The toughest part of the design was finding a way to sense slack in the filament without disturbing the path of the filament itself.  As the new filament comes out molten, I found that even the lightest micro-switch I could find would transmit too much force back up the filament and cause a kink near the nozzle opening.

Other winders use linear sensors, but they require a microprocessor and more complexity, which I hoped to avoid. After trying mercury switches and considering magnetic reed switches and other sensors,

I settled on a lightweight 3D-printed "see-saw" rocker that I weighted down slightly on one side.  The filament moves in a loop down the left side of the box, across the bottom, and up the right side.  When the filament develops too much slack, the bottom of the loop pushes down on a curved acetate surface glued to one side of the rocker. This lifts up the other side, raising a shutter that exposes a CDS-cell light detector to a single LED light source.

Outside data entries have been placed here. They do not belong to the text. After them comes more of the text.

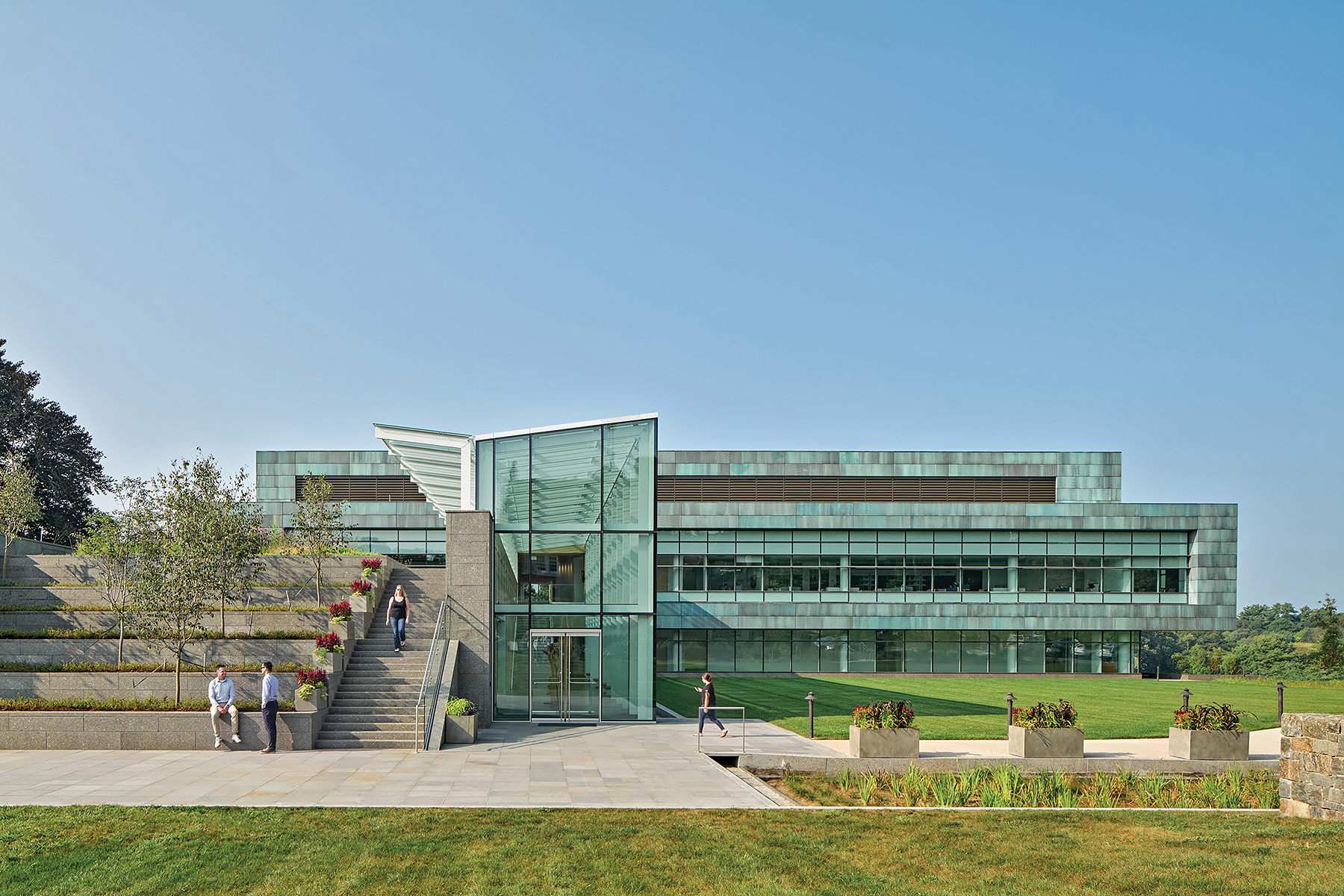 Modern glass and copper-clad expansion building at New England Biolabs in Ipswich, Mass., surrounded by landscaped green space.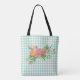 All over print tote bag done in a mint green and white gingham checked pattern, with watercolor graphics of a colorful peony floral bouquet. Customize to add your own text to this pretty all purpose bag.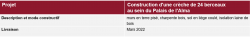 Le projet de construction de la crèche et de l’accueil enfants se compose de murs en terre crue, d’une ossature bois supportant une toiture végétalisée. Les façades Nord et Sud intègrent de nombreuses menuiseries.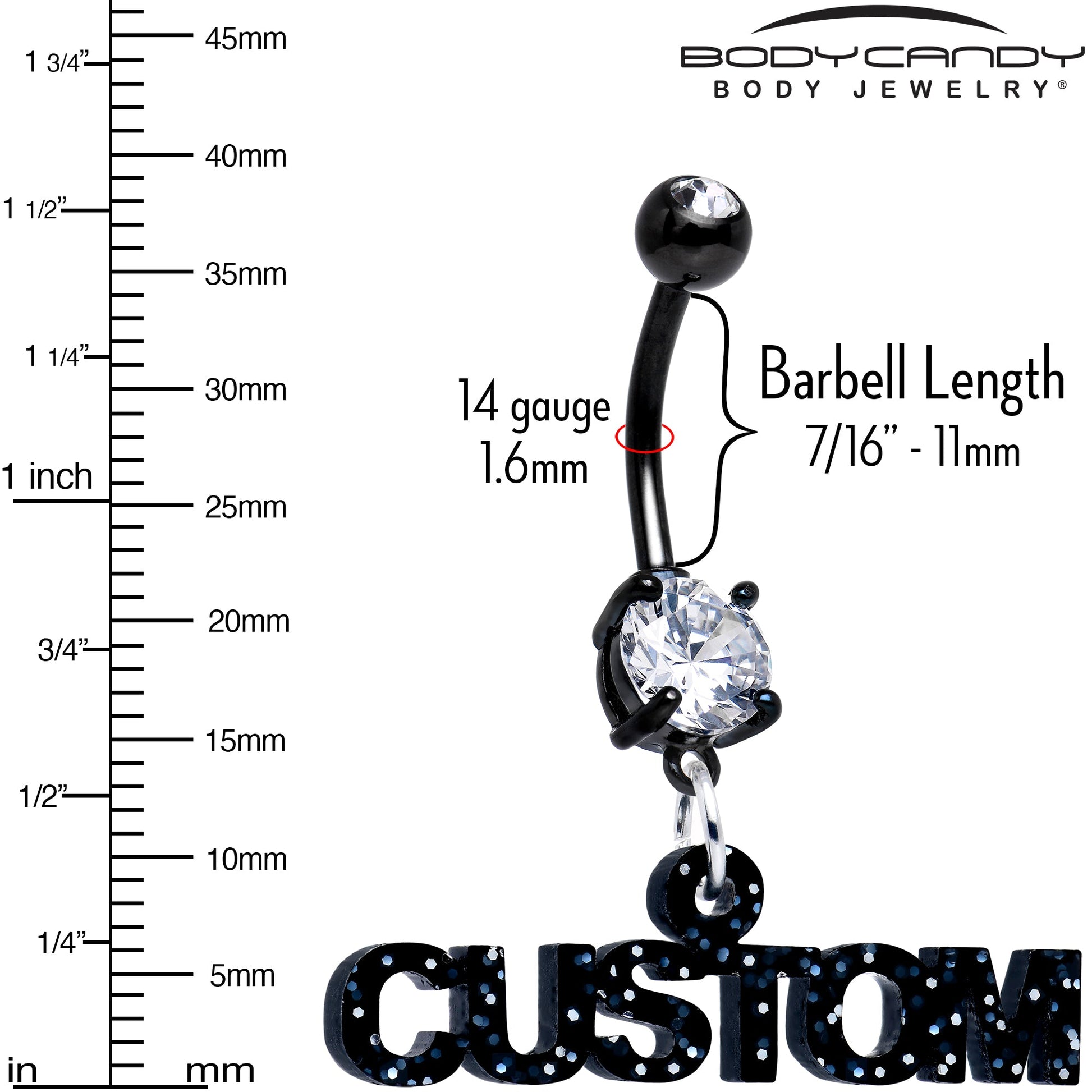 Take your gift giving to the next level when you personalize this stunning custom dangle belly ring. This customizable belly ring is made with a 14 gauge stainless steel curved barbell and features a clear top and bottom accent as well as an acrylic dangle charm that can fit your personal message up to eight characters in length.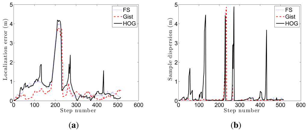Figure 18 shows the evolution of (a) the localization error and (b) the dispersion of the samples during these three experiments. (a) shows a sudden increase in error around step 200, when the robot is kidnapped. It recovers relatively quickly from this error and HOG produces another error around step 280, but it also recovers soon; (b) shows some cases of visual aliasing that produce sudden increases on the dispersion of the particles.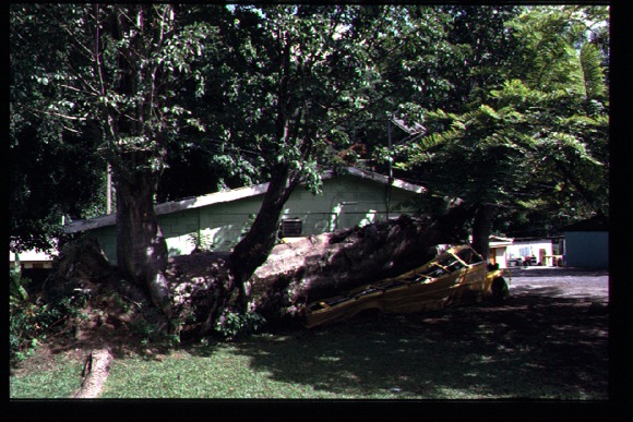 De situatie op het eiland Dominica was in 1991 toen wij daar waren in zoverre ongewoon, omdat de natuur nog steeds niet volledig was hersteld van een allesvernietigende categorie 5 orkaan David (...) in 1979. In het middelhoge berggebied zag je nog overal de met epiphyten begroeide restanten van afgeknapte bomen. Nabij de botanische tuin van Roseau was een stadsbus geplet onder een omgevallen boomreus.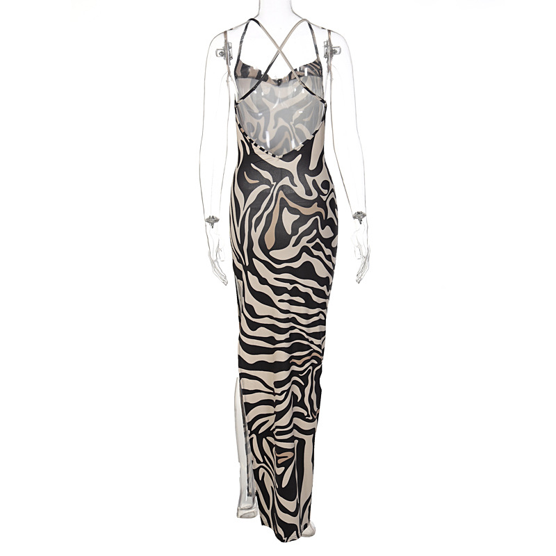 Style: Sexy Fit: Slim Fabric: Polyester Blends Pattern: Animal Print Element: Backless,Lace/Tulle/Fishnet,Split Neckline: Cowl Neck Sleeve Type: Others Sleeve Length: Sleeveless Product Type: Cami Dress,Maxi Dress,Split Dress Occasion: Party & Club Dress/Skirt Length: Maxi Main Composition: Polyester Season: Summer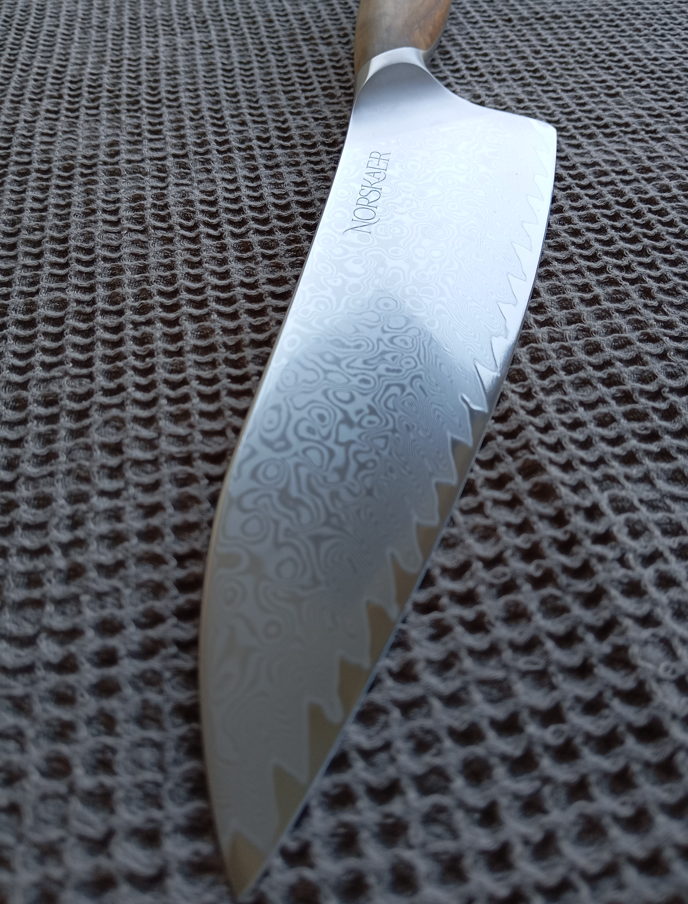 Vores damaskusstål, som anvendes til fremstillingen af vores Norskaer Olive Wood Knive, opnår en imponerende hårdhed på 64 HRC. Denne hårdhedsgrad er nøje udvalgt for at sikre, at vores knive opretholder deres skarphed og ydeevne over længere tid, samtidig med at de bevarer deres holdbarhed og modstandskraft mod slitage. Ved at kombinere den avancerede konstruktion af damaskusstål med en optimal hårdhed, stræber vi efter at tilbyde dig knive af højeste kvalitet, der kan leve op til dine forventninger og behov i køkkenet.
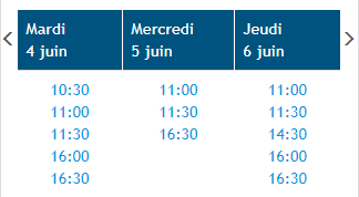 Précisez éventuellement les horaires auxquels vous êtes disponible. Les créneaux de réservation libres s'affichent. Cliquez sur un créneau horaire pour démarrer la réservation :
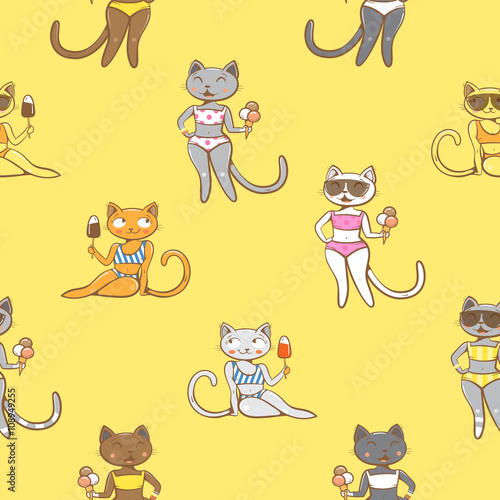 Summer seamless pattern with cats in bikini and sunglasses. Cute cartoon cats on the beach eating ice cream. Vector image.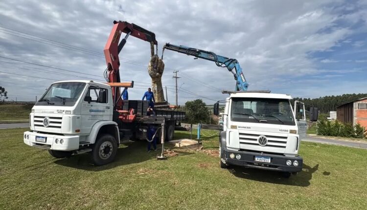 Palmeira – A Prefeitura Municipal retirou o monumento conhecido popularmente como ‘Estátua do Dedo’, que ficava instalado na rotatória da Avenida Daniel Mansani, nas proximidades da BR-277. A escultura, que há anos fazia parte da paisagem local, foi transferida na quarta-feira (23) para o Solar Conselheiro Jesuíno Marcondes, onde passará a integrar o acervo do Museu Histórico da cidade.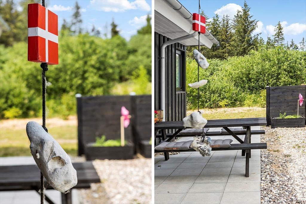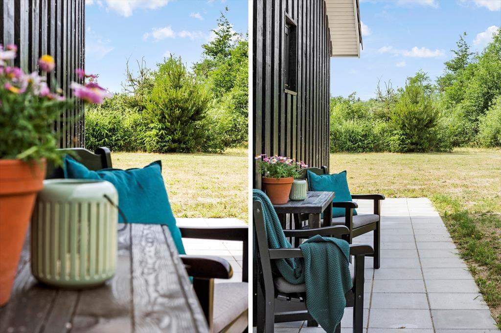 Et stort fliseareal breder sig rundt om sommerhuset, så I har flere gode opholdspladser at vælge imellem – heriblandt en overdækket terrasse, hvor I kan finde skygge fra solen, hvis det bliver nødvendigt. Grunden er stor og enkelt anlagt med græsplæne og randbeplantning, og I kan sagtens blive her for at lege og spille havespil. Det kan nu også bestemt anbefales at smutte ned for enden af vejen, hvor Tranum Feriebys kæmpestore fællesareal byder på mange sjove aktiviteter for hele familien.

The cell is connected to a solid state relay that drives a small gear motor and the take-up spool.  I also added a cheap $5 PWM motor speed control board to allow fine-tuning of the motor speed.

To evenly guide the filament onto the spool, the filament passes through a short length of tubing mounted onto a hinge.  As the hinge moves, the filament comes out at a different place on the reel, keeping it from bunching up in one place.

The hinge, in turn, is linked to a carriage, that moves up and down along a worm gear (threaded rod) driven by a second gear motor.  Two momentary limit switches keep the carriage from moving too far in either direction. They simply switch on and off a DPDT latching relay, wired in a way (one on, one off) so that the motor reverses direction when either switch is hit.

After my initial tests, I also added a small, spring loaded clamp to keep the filament under tension.  This was needed to keep the filament tight on the reel.

Here is the completed winder case.  When in storage, the Filastruder fits neatly inside with hanging space for an empty or full filament spool.

When I'm ready use it, I simply set the extruder on top of the case and pass the new filament down through a hole in the top and loop it round to the winder inside.

I was surprised how well it worked right off the bat.  The rocker assembly tends to stay right on the edge between on and off, moving ever so slightly to periodically activate the take-up motor.  The movements are so small that the filament path moves very little, leading to the most consistent filament than I've ever made before.

I've already successfully used it to create two one-pound (half-size) spools. I'll still probably buy some filament, particularly for special colors and specialty plastics.  When I need simple black or white filament, however (the colors I use the most), from now on I'll probably just make my own.